Court documents unsealed on Monday detail the injuries sustained by the surviving Boston Marathon bombing suspect, Dzhokhar Tsarnaev, during his capture: multiple bullet wounds, including one that fractured his skull. CNN has the story and photos of Tsarnaev's surrender following his shootout with police. Here's the transcript of his hospital bedside hearing.
Surveillance is officially its own little universe.
The Wall Street Journal reports that the NSA's dragnet captures about 75 percent of U.S. Internet communications.
The government is making significant progress in developing effective face scanning surveillance technology, writes Charlie Savage in the New York Times. Check out the documents released by the Department of Homeland Security in response to a FOIA request on the Biometric Optical Surveillance System (BOSS).

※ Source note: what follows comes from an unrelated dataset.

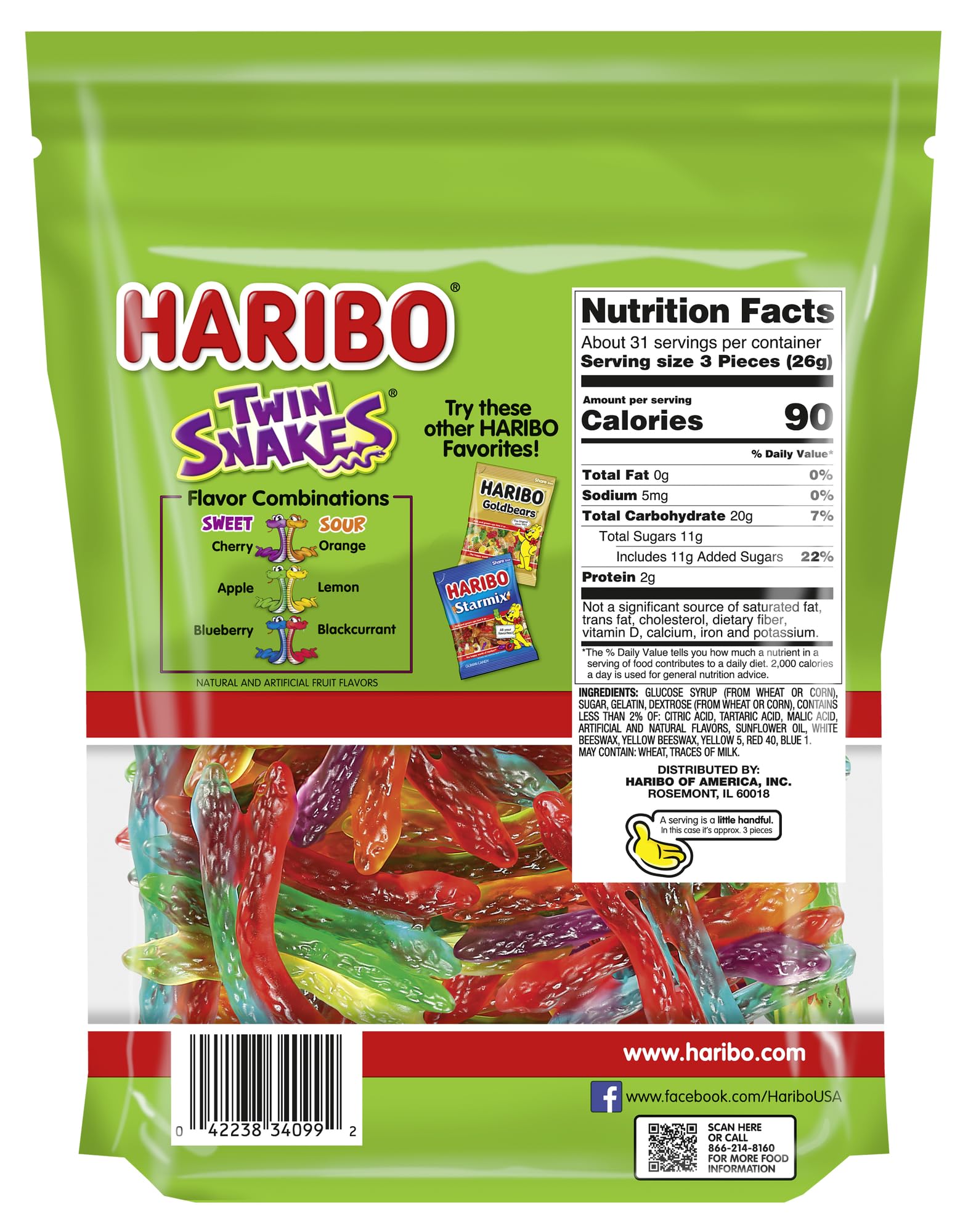 Details: HARIBO Gummi Candy, Twin Snakes Sweet & Sour Gummy Candy Experience the delightful taste adventure of HARIBO Gummi Candy Twin Snakes Sweet & Sour Gummies, a playful treat that combines the best of both worlds in taste. Each pack features closely coiled gummy snakes with two flavors, offering a thrilling combination of sweet and sour in every bite. With three delicious flavor pairings—Cherry & Orange, Apple & Lemon, and Blueberry & Blackcurrant—you can enjoy them together or pull them apart for double the fun! The soft and chewy texture of our colorful gummies is crafted to deliver a consistent, flavorful experience that will tantalize your taste buds. These sweet and sour treats, with just 90 calories per serving, are great for sharing, snacking, or adding a fun twist to your desserts and party candy favors. From a small sweets company to a global market leader, the HARIBO brand started as a humble home kitchen. Over the past 100 years we have grown to a successful family business. Kids and grown-ups love it so, the happy world of HARIBO!

The next Edward Snowden won't have it so easy. The Pentagon is planning to push its data onto a massive, more easily secured cloud computing network. John Reed of Foreign Policy writes that the project known as the "Joint Information Environment" will be complicated and expensive. Is this reason for concern? After all, the NSA still doesn't know what Snowden took, says the Atlantic---and can't do basic math.
Think Snowden did us all a service? Think again, says Jeffrey Toobin, in this New Yorker piece on the "real costs" of Snowden's disclosures. Toobin also made waves yesterday in an interview on CNN when he compared Glenn Greenwald's partner, David Miranda, to a drug mule in response to a question about whether UK authorities were justified in detaining Miranda.

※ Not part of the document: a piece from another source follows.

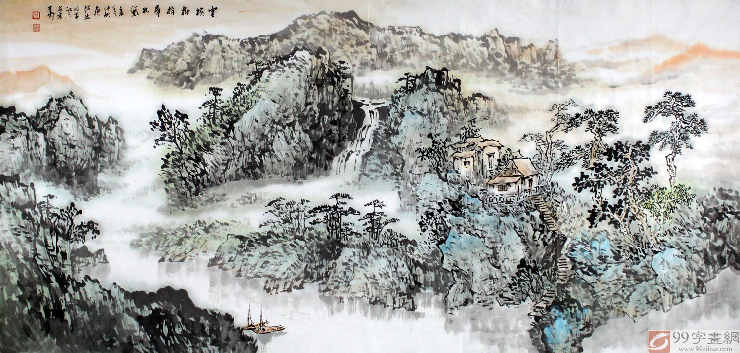 【作品简评】庾超然出生于湖北竟陵,曾长期在黄鹤楼书画院研习创作,庾超然的山水以点、线为主,笔中有墨、墨中有笔,使之山水显示出苍润的笔墨特点,特别是他的线的干湿、出入变化体现线的造型、线的弹性及其凝练的、有虚实节奏的美感魅力,显出章法得体,笔墨味道自然微妙,而整体结构,墨、色对比,恰到好处,足以见出画家的笔墨修养与审美取向。庾超然的山水画是偏于文化传统中文人画审美理想中的含蓄、淡远、空灵、飘逸等美感范畴的;欣赏他的淡墨山水画,我们常常可以感知天地间的静寂超然之气。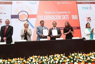 En el marco de la firma del tercer convenio de colaboración entre ambas instituciones, el comisionado presidente del INAI, Francisco Javier Acuña Llamas, expresó al secretario general del SNTE: “maestro Alfonso Cepeda, gracias por acordar este convenio para reconocer mutuamente, el INAI y el SNTE, el compromiso con la Constitución y la ley para hacer que este sindicato sea el más aplicado de esta asignatura, democrática y novedosa, que nos enseña todos los días nuevas experiencias en el afán de cumplir a México”.

The Daily Star reports that Miranda has filed a civil suit challenging the legality of his detainment at London Heathrow Airport and the confiscation of his electronics and media under the UK's Terrorism Act. Citing grounds that sound a lot like Toobin's the drug mule theory, the UK is defending the detention---and risking backlash, says Marc Champion at Bloomberg.
Speaking of fighting back, here's the latest in preemptive destruction: Yesterday, editors at the Guardian explained the newspaper's decision to physically destroy hard drives containing copies of some of the secret files leaked by Snowden to avoid being legally compelled to hand the material to British authorities. This morning, Reuters reports that British Prime Minister David Cameron issued orders aimed at preventing the Guardian from publishing information about U.S. and British surveillance programs:
Any such surrender would have represented a betrayal of the source, Edward Snowden, [editor Alan] Rusbridger believed. The files could ultimately have been used in the American whistleblower's prosecution."I don't think we had Snowden's consent to hand the material back, and I didn't want to help the UK authorities to know what he had given us," the Guardian editor said.

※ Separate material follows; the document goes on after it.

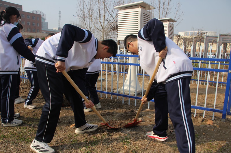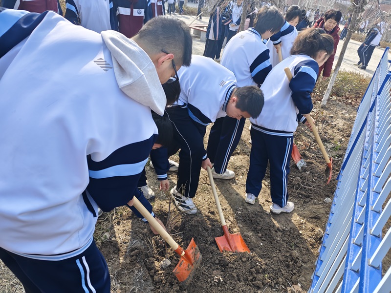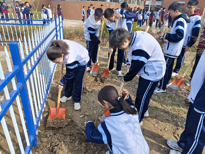 活动现场,同学们热情高涨、干劲十足。大家手持铁锹,分工协作,挖坑、扶苗、培土、浇水,每一个步骤都认真细致、有条不紊。阳光下,同学们弯腰挥锹的身影与娇嫩的树苗交相辉映,构成了一幅生动的劳动画卷。经过一番辛勤劳作,一株株新栽下的苗木扎根泥土,在春风中挺立,为校园增添了一抹生机。

Dana Milbank of the Post calls out President Obama for insisting that Snowden could have gone through internal channels to air his concerns about the NSA's surveillance programs. Case in point: Gina Gray, the whistleblower who went by the book in exposing financial mismanagement and wrongdoing in the Defense Department---and paid dearly for it.
Chief Justice John Roberts has tapped Judge José A. Cabranes, a conservative-leaning Democratic appointee, to the FISA review panel. Here is the Times; here is the Post.
Shifting the spy spotlight: Over at Threat Post, Michael Mimoso reports that three groups of hackers with ties to China are using the Poison Ivy remote access Trojan to steal data and monitor online user activity.